Complete step by step answer:
A driver is driving his car along the road. While driving, the driver makes sure that the speedometer reads exactly 40km/h. Now we need to find out the speed of the car from point P to point Q. We know that the velocity of a car is nothing but the rate of change of displacement with respect to time. In simple language, velocity shows that at what time, a car does displacement. Velocity has both magnitude and direction therefore velocity is a vector quantity. If we take magnitude of velocity, we get speed. That is, the magnitude of velocity is nothing but speed.
In this case a car is covering a 40 km distance within one hour time. The car driver also makes sure that the speedometer will not deflect i.e. will not change its reading other than 40 km/h. So no matter what is the direction of the car i.e. if velocity is changing its direction but between point P and point Q direction is always constant so speed as well as velocity both are constant.
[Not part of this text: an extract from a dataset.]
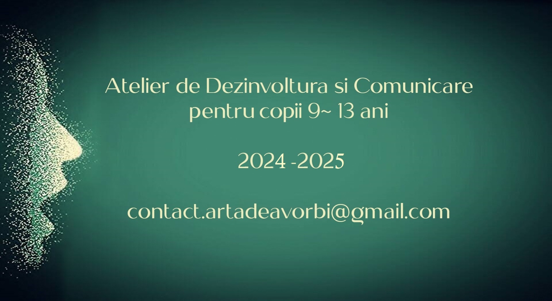 Grupele de copii de 5-8 / 9-14 ani ale Atelierului de Dezinvoltură și Comunicare se desfășoară FIZIC, în fiecare zi de Sâmbătă/Luni.

So, the correct answer is “Option A”.

Additional Information: When a car is moving along A curved road, it is performing a circular motion, since the curved road seems like an arc of a circle. Centripetal force is necessary force for circular motion. In absence of centripetal force the car would move along a tangent and circular motion is not possible.

Note: In this path along the point P and point Q is straight but the path from P to point R is curved. So we need to use the concept of banking on the road. And velocity given in this case is given as $v=\sqrt{\mu rg}$. Consider If the velocity exceeds this then $v=\sqrt{\mu rg}$, the car will be thrown off. Therefore we can say this is a safety speed or velocity with which or will turn smoothly.